Precision medicine, of course, is the idea that medical treatments can be tailored to individuals based on their genetics, environment, lifestyle or other traits. But to do that requires collecting and analyzing huge quantities of health data from diverse populations. One research effort, called All of Us, launched by the U.S. National Institutes of Health last year, aims to collect genomic and other healthcare data from one million participants with the goal of advancing personalized medical care.

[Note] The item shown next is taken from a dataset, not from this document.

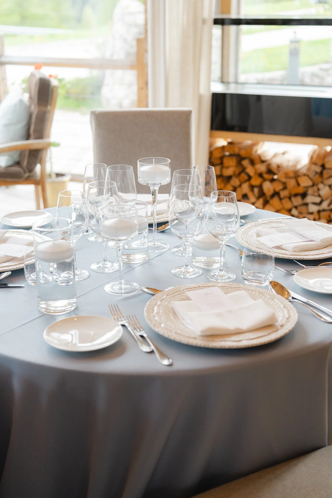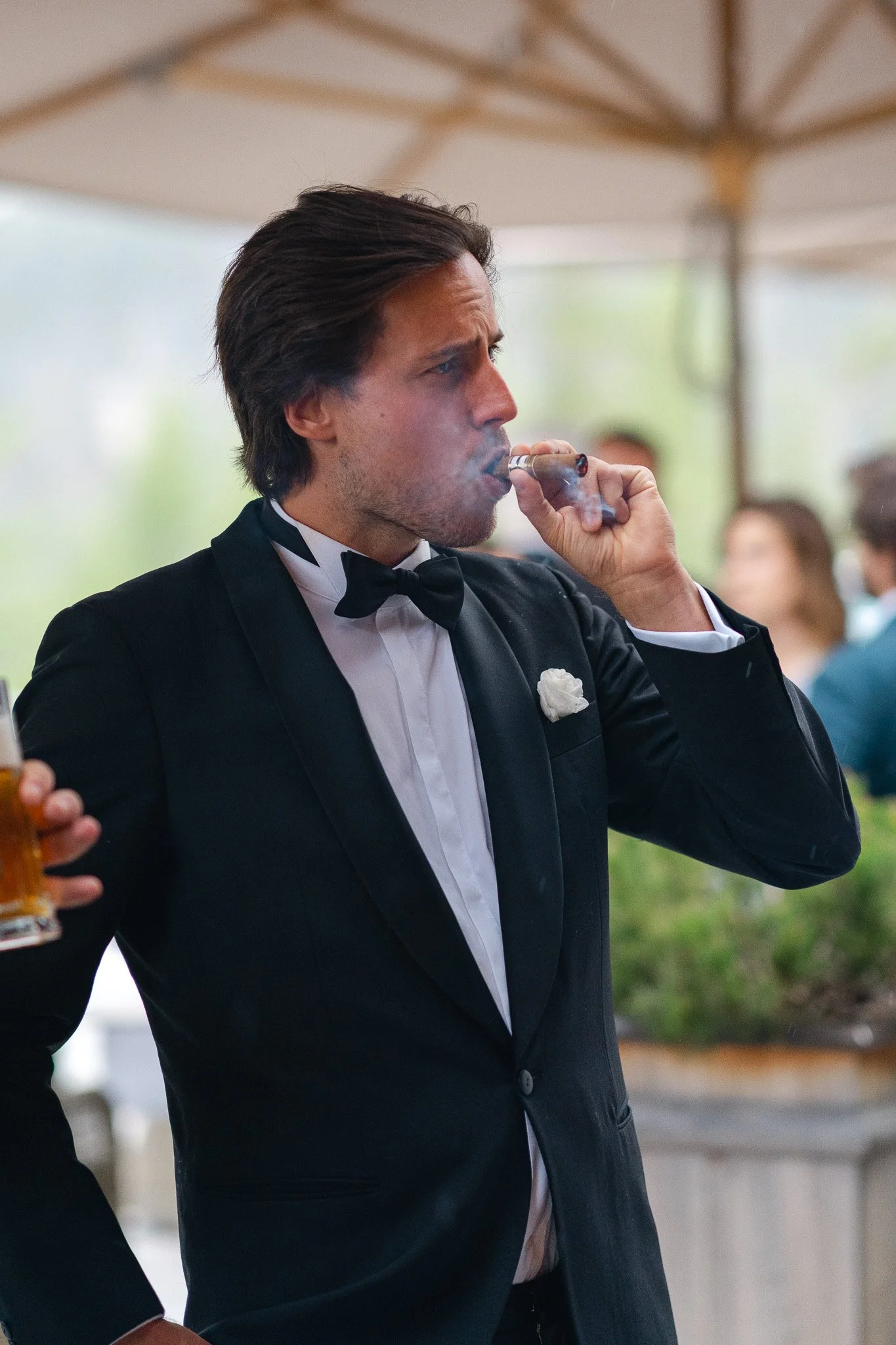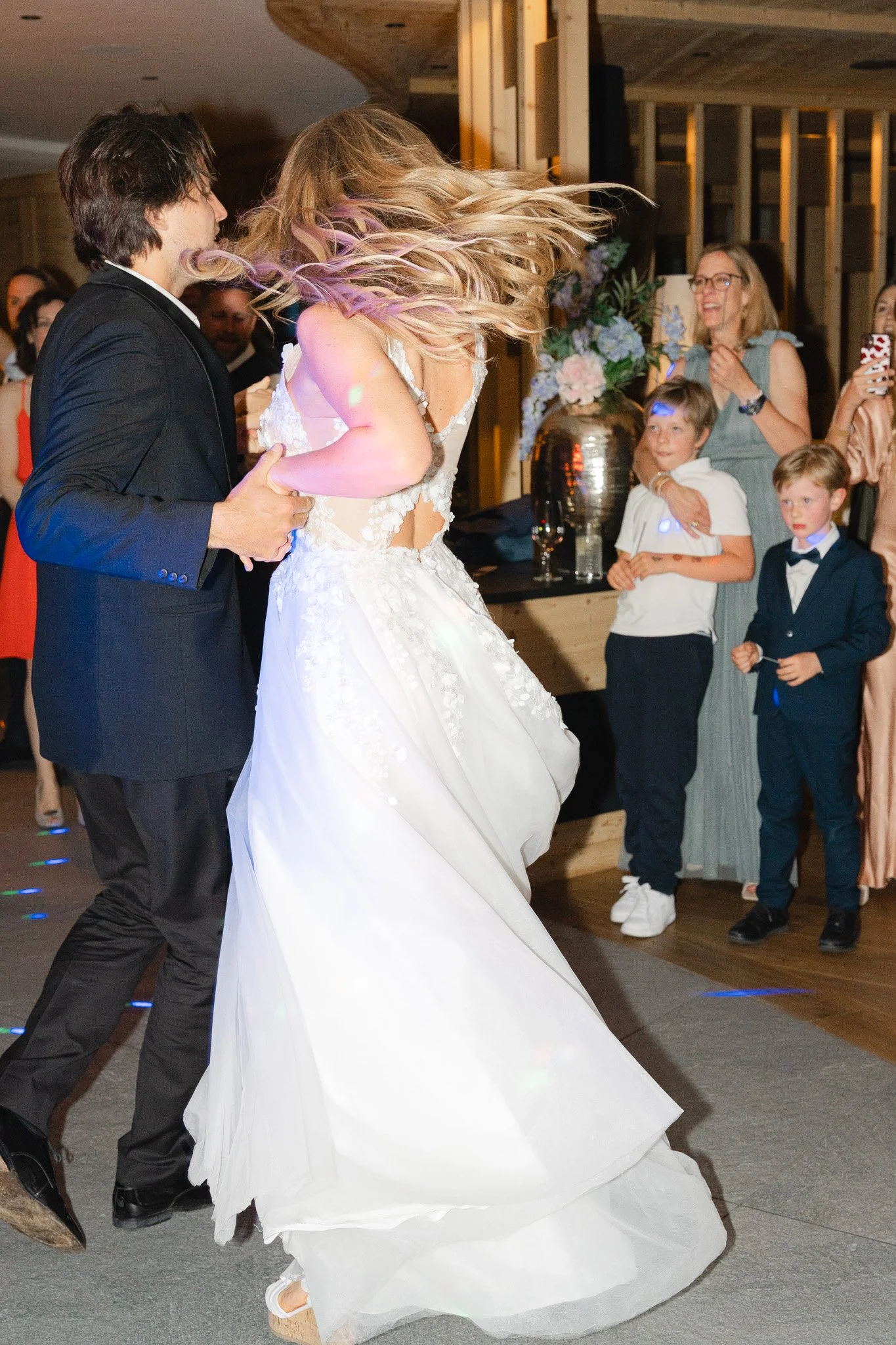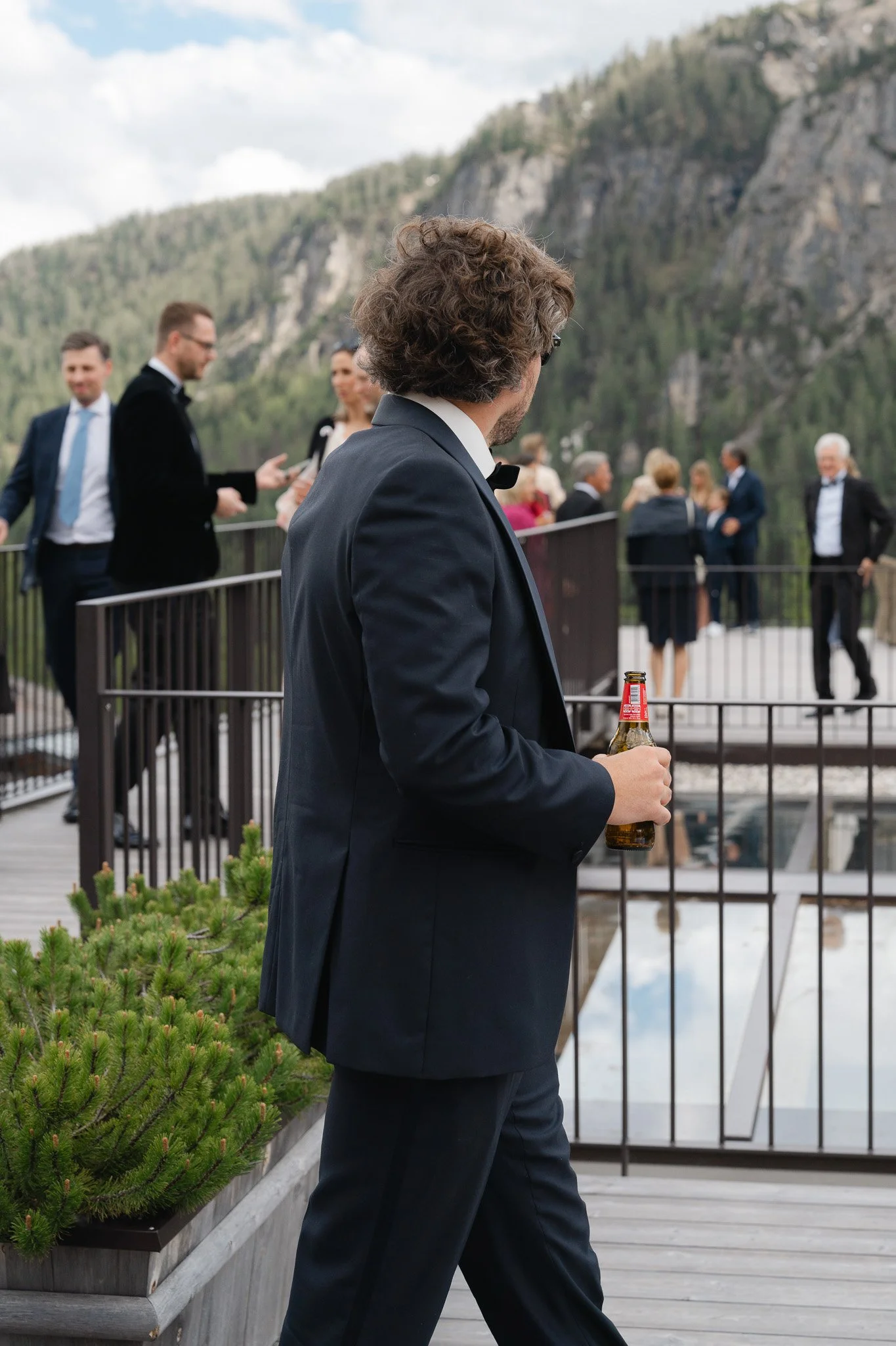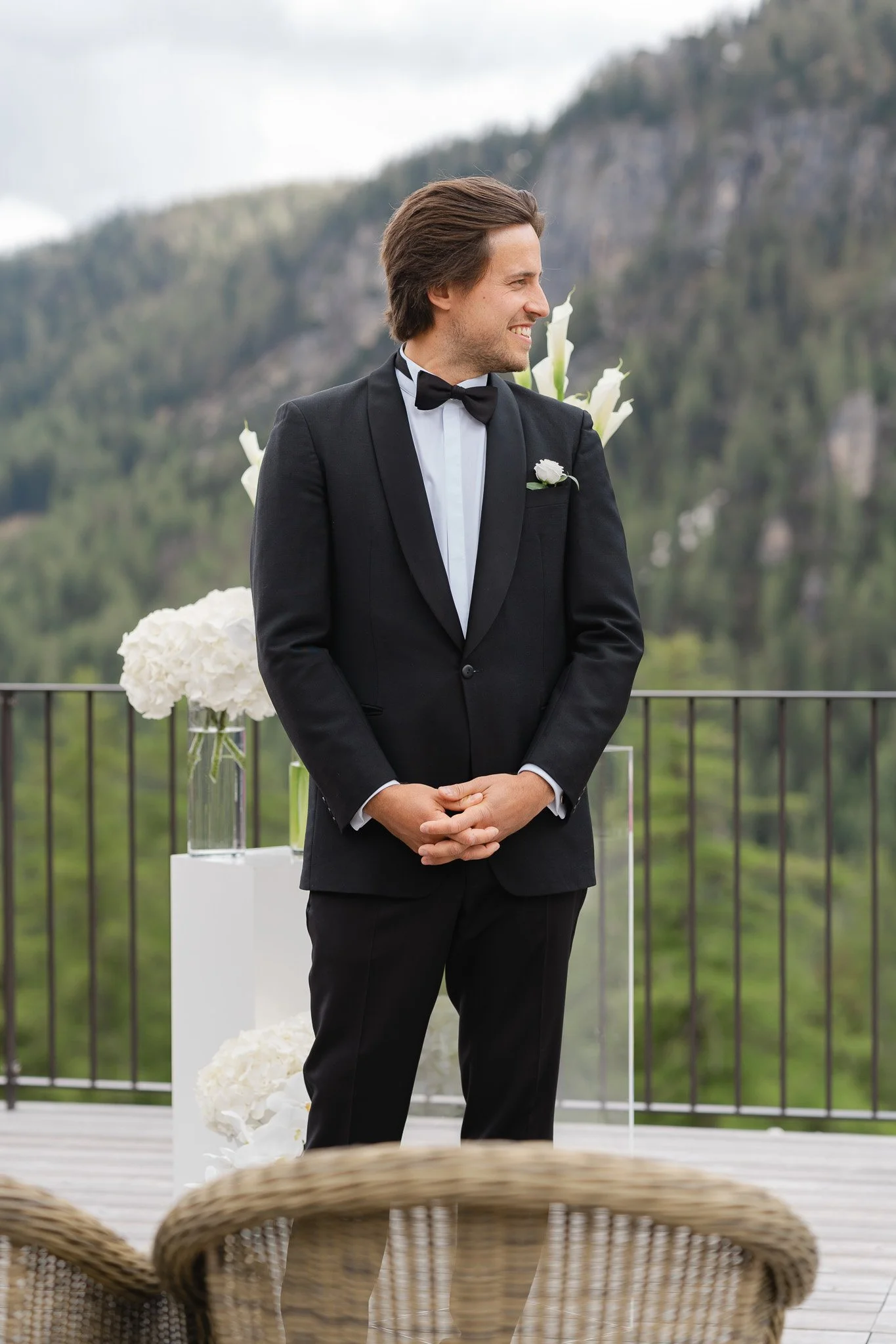 The venue perfectly blended elegance and modernity with stunning mountain views. Anja wore a classic and dreamy dress that perfectly complemented the serene mountain backdrop. After the getting ready session, followed by an intimate first look, the mountain view ceremony was a breathtaking highlight. The reception was nothing short of spectacular, featuring a towering wedding cake that was as delicious as it was beautiful. Besides the mountain scenery, a breathtaking modern table setting with thousands of candles and heartwarming songs performed by a live singer, guests were treated to a wood-fire pizza party, adding a warm and casual touch to the festivities. The after-party was unforgettable, with Anja and Konstantin's powerful first dance setting the tone for the celebration. Every detail was meticulously planned, creating a day full of love and joy. The evening ended with guests under the stars, reminiscing about the day's beautiful moments.

Other initiatives are underway by academic institutions and healthcare organizations. Electronic medical records, genetic tests, wearable health trackers, mobile apps, and social media are all sources of valuable healthcare data that a bad actor could potentially use to learn more about an individual or group of people.
"When you aggregate all of that data together, that becomes a very powerful profile of who you are," Mr. You says.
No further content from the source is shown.